AVAILABLE DATA —
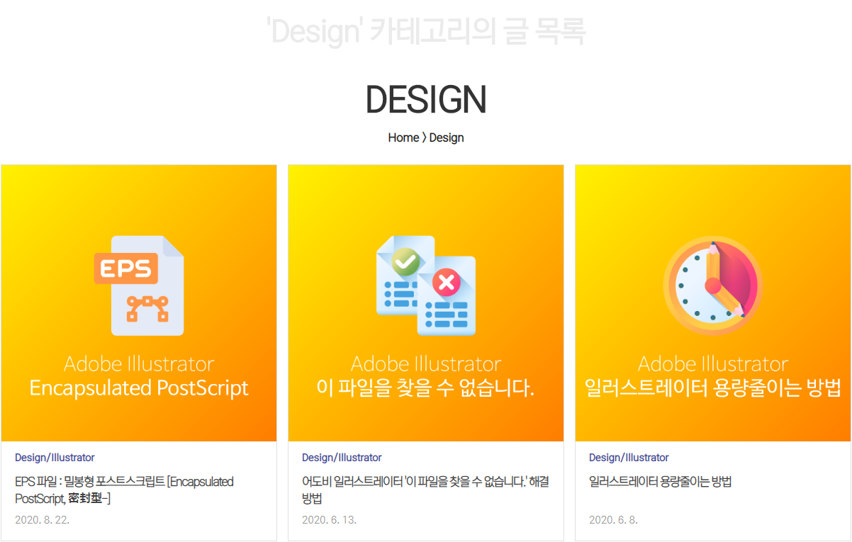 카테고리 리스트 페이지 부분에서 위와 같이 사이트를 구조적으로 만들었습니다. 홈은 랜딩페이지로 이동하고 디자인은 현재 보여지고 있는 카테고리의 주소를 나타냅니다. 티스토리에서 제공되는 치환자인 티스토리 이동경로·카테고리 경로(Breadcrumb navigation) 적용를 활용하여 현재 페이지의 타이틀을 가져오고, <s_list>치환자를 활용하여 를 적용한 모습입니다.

--

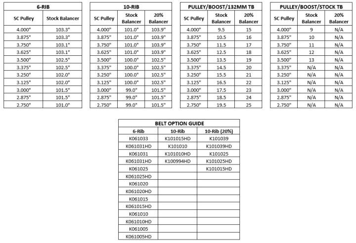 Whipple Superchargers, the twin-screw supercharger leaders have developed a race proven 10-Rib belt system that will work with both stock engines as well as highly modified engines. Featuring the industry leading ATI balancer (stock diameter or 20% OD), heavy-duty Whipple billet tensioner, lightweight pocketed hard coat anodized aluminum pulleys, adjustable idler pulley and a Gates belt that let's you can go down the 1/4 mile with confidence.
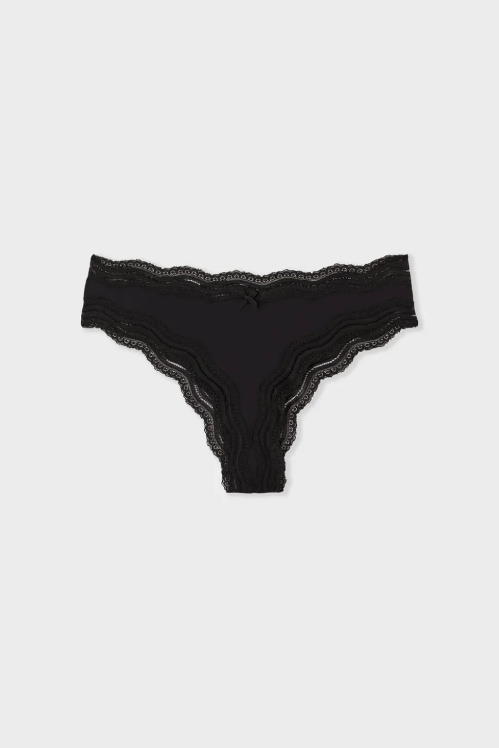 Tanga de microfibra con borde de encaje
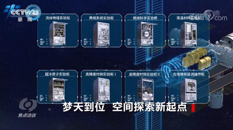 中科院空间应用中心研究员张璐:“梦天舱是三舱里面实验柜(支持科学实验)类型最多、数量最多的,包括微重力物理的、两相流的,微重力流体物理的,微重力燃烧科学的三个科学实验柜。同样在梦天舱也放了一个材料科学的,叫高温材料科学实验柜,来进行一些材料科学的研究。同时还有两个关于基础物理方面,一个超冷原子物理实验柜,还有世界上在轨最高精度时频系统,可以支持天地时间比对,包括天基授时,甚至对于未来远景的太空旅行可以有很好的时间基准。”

WORK ITEM — In the entries above, every line from the line with "Tanga de microfibra con borde de encaje" to the line with "中科院空间应用中心研究员张璐" is to be printed exactly, with both ends included and pictures excluded.

EXERCISE SOLUTION —
 Tanga de microfibra con borde de encaje
 中科院空间应用中心研究员张璐:“梦天舱是三舱里面实验柜(支持科学实验)类型最多、数量最多的,包括微重力物理的、两相流的,微重力流体物理的,微重力燃烧科学的三个科学实验柜。同样在梦天舱也放了一个材料科学的,叫高温材料科学实验柜,来进行一些材料科学的研究。同时还有两个关于基础物理方面,一个超冷原子物理实验柜,还有世界上在轨最高精度时频系统,可以支持天地时间比对,包括天基授时,甚至对于未来远景的太空旅行可以有很好的时间基准。”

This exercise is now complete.